Task material below:

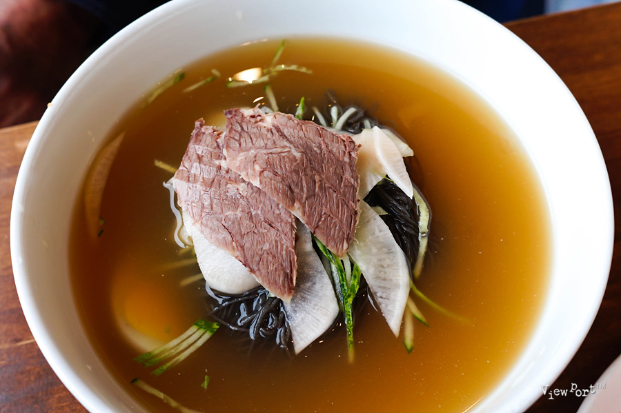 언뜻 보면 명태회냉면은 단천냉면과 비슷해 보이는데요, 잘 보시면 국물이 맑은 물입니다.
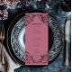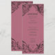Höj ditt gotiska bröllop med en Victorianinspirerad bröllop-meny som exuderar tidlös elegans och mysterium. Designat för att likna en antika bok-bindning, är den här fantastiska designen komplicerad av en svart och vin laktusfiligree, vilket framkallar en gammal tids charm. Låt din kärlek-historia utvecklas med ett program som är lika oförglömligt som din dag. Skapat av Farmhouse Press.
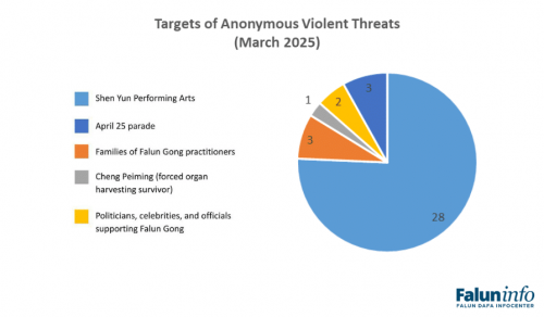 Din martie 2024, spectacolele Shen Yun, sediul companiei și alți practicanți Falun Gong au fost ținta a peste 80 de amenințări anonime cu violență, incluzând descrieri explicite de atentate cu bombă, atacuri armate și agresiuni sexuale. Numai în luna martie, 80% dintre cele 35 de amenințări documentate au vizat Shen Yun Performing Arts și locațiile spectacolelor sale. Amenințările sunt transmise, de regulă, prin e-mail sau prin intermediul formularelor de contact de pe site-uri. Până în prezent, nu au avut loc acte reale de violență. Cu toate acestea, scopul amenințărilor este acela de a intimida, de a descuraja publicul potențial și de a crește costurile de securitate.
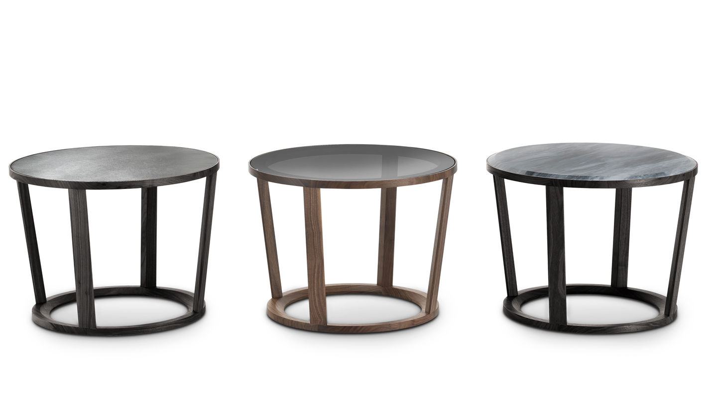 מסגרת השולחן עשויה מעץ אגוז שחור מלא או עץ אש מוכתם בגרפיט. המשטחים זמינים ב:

End of Task material.
Task material below:

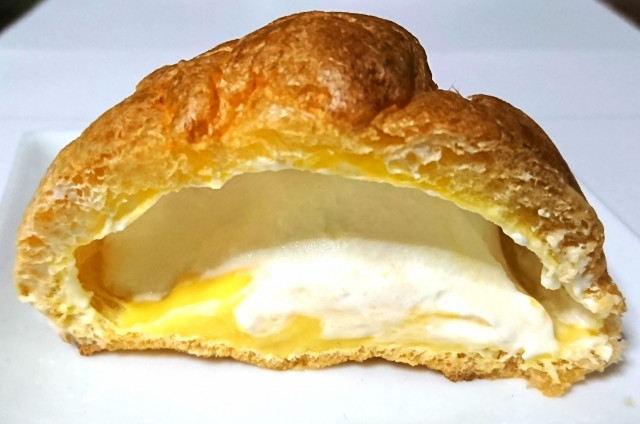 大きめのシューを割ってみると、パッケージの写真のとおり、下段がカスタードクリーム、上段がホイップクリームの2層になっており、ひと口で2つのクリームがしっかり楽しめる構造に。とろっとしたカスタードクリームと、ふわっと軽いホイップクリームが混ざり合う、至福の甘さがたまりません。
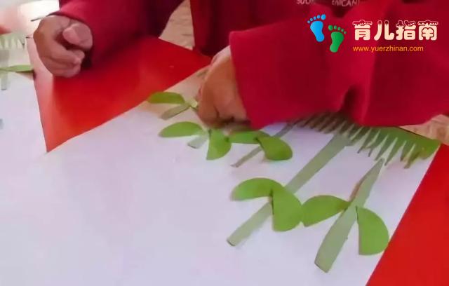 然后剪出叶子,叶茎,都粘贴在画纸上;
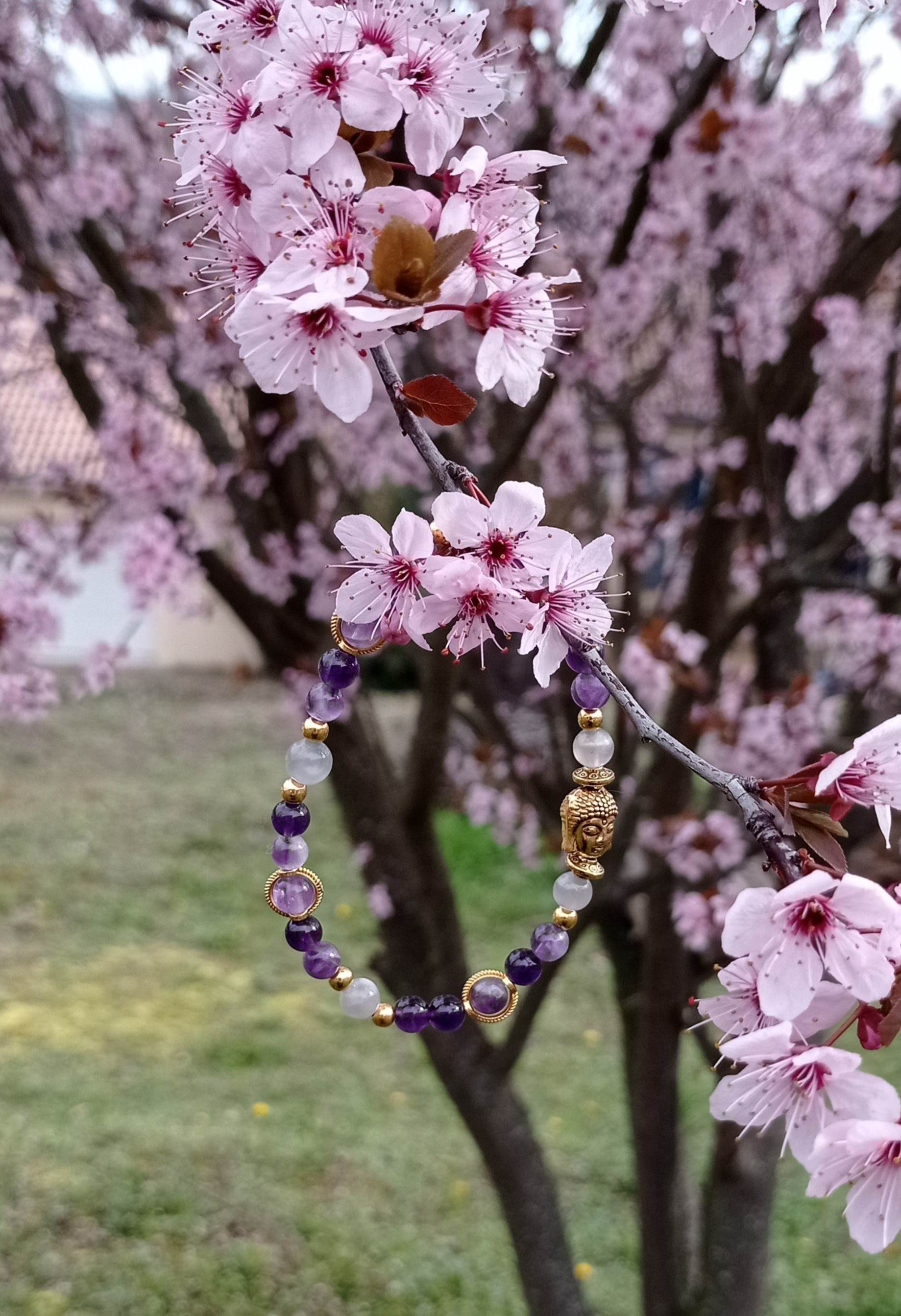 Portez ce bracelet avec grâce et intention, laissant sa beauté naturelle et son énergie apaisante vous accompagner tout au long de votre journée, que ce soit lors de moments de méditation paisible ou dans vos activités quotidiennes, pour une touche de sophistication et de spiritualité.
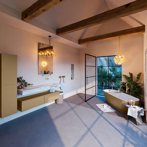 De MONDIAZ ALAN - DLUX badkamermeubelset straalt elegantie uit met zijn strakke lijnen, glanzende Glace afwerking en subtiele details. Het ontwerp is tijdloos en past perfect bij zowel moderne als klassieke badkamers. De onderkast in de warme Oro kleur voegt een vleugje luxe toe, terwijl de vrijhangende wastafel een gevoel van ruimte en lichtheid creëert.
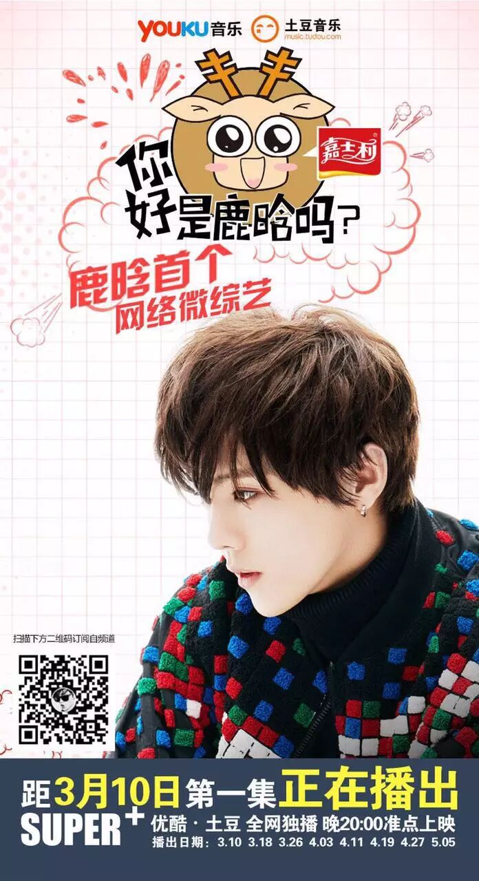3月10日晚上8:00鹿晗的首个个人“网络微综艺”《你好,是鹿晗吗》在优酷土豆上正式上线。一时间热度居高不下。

End of Task material.

Above are the records; return the lines in them from the one with "大きめのシューを割ってみると" to the one with "然后剪出叶子,叶茎,都粘贴在画纸上;", inclusive, exactly and without images.

 大きめのシューを割ってみると、パッケージの写真のとおり、下段がカスタードクリーム、上段がホイップクリームの2層になっており、ひと口で2つのクリームがしっかり楽しめる構造に。とろっとしたカスタードクリームと、ふわっと軽いホイップクリームが混ざり合う、至福の甘さがたまりません。
 然后剪出叶子,叶茎,都粘贴在画纸上;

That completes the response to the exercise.